Mozilla Introduces DeepSpeech 0.9 Speech Recognition Engine

DeepSpeech1

Launch has been published voice recognition engine DeepSpeech 0.9 developed by Mozilla, which implements the architecture of speech recognition of the same name proposed by Baidu researchers.

The implementation is written in Python using the machine learning platform TensorFlow and is distributed under the free MPL 2.0 license.

About DeepSpeech

DeepSpeech consists of two subsystems: an acoustic model and a decoder. The acoustic model uses deep machine learning techniques to calculate the probability that certain characters are present in the input sound.

The decoder uses a ray search algorithm to transform the character probability data into a textual representation. DeepSpeech is much simpler than traditional systems and at the same time provides a higher quality of recognition in the presence of extraneous noise.

The development does not use traditional acoustic models and the concept of phonemes; instead, a well-optimized neural network-based machine learning system is used, which eliminates the need to develop separate components to model various anomalies such as noise, echo, and speech characteristics.

El kit offers trained models, sample sound files and command line recognition tools.

The finished model is supplied for English and Chinese only. For other languages, you can learn the system yourself according to the attached instructions, using the voice data collected by the Common Voice project.

When the ready-to-use model of the English language offered for download is used, the level of recognition errors in DeepSpeech is 7.06% when evaluated using the LibriSpeech test suite.

For comparison, the human recognition error rate is estimated at 5,83%.

In the proposed model, the best recognition result is achieved with a clean recording of a male voice with an American accent in an environment without extraneous noises.

According to the author of the Vosk Continuous Speech Recognition Library, the disadvantages of the Common Voice set are the one-sidedness of the speech material (the predominance of men in their 20s and 30s and the lack of material with the voice of women, children and elderly), the lack of vocabulary variability (repetition of the same phrases) and the distribution of MP3 recordings prone to distortion.

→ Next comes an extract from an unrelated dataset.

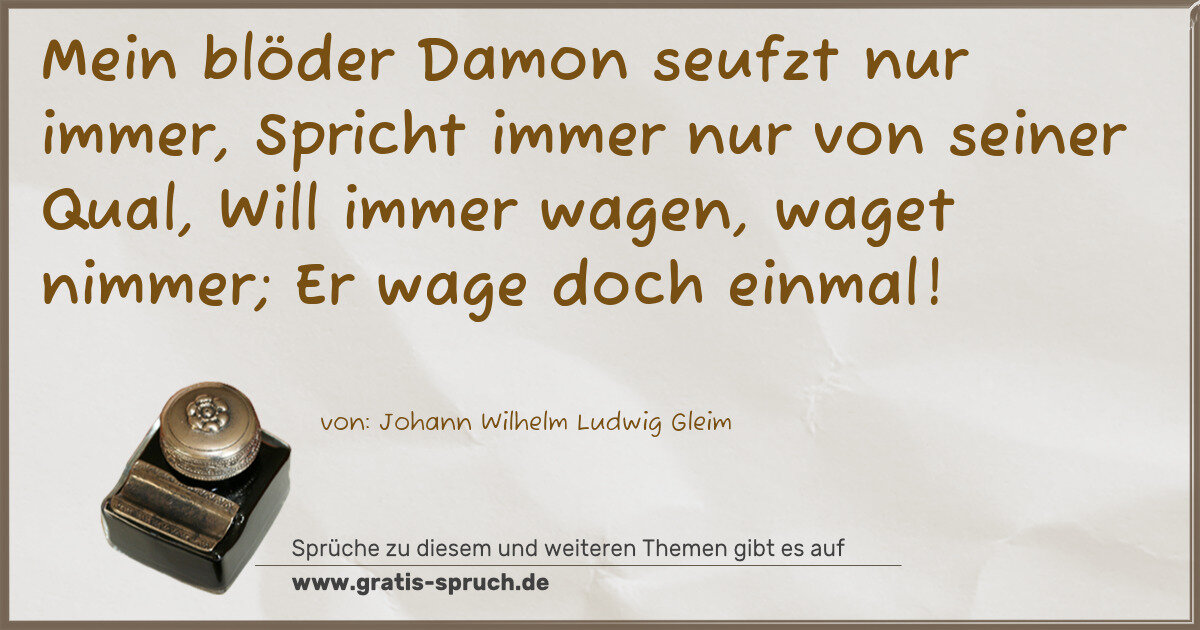 Mein blöder Damon seufzt nur immer, Spricht immer nur von seiner Qual, Will immer wagen, waget nimmer; Er wage doch einmal!

Disadvantages of DeepSpeech include poor performance and the high memory consumption in the decoder, as well as important resources to train the model (Mozilla uses a system with 8 Quadro RTX 6000 GPUs with 24GB VRAM in each one).

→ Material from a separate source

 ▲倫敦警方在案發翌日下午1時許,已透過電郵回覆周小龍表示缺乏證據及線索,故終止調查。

The downside to this approach is that for high-quality recognition and training of a neural network, the DeepSpeech engine requires a large amount of data heterogeneous dictated in real conditions by different voices and in the presence of natural noises.

This data is compiled by the Common Voice project created in Mozilla, which provides a verified data set with 1469 hours in English, 692 in German, 554 in French, 105 hours in Russian and 22 hours in Ukrainian.

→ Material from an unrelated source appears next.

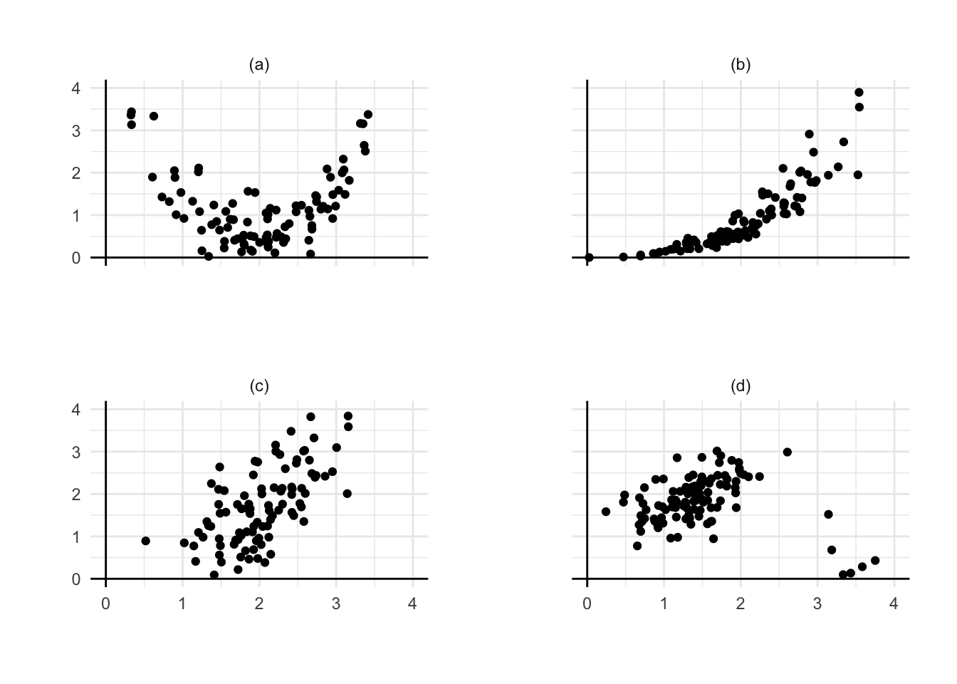 Question 9.1 Among the four plots, choose the one where a simple linear model would be most reasonable. For each of the remaining panels, describe the features that make simple regression less suitable. Discuss what could be done to address these issues in each case.

When training the final English model for DeepSpeech, in addition to Common Voice, data from the LibriSpeech, Fisher and Switchboard projects are additionally used, as well as approximately 1700 hours of recordings of transcribed radio programs.

Between the changes in the new branch, the possibility of forcing the weight of the words is highlighted selected during the decoding process.

It also highlights the support for the Electron 9.2 platform and an optional implementation of the layer normalization mechanism (Layer Norm) when training the neural network.

Download and get

The performance is sufficient to use the motor in LePotato, Raspberry Pi 3 and Raspberry Pi 4 boards, as well as in Google Pixel 2, Sony Xperia Z Premium and Nokia 1.3 smartphones.

Ready modules are offered to use for Python, NodeJS, C ++, and .NET to integrate speech recognition functions into your programs (third-party developers have separately prepared modules for Rust, Go, and V).


Leave a Comment

Your email address will not be published. Required fields are marked with *

*

*

  1. Responsible for the data: Miguel Ángel Gatón
  2. Purpose of the data: Control SPAM, comment management.
  3. Legitimation: Your consent
  4. Communication of the data: The data will not be communicated to third parties except by legal obligation.
  5. Data storage: Database hosted by Occentus Networks (EU)
  6. Rights: At any time you can limit, recover and delete your information.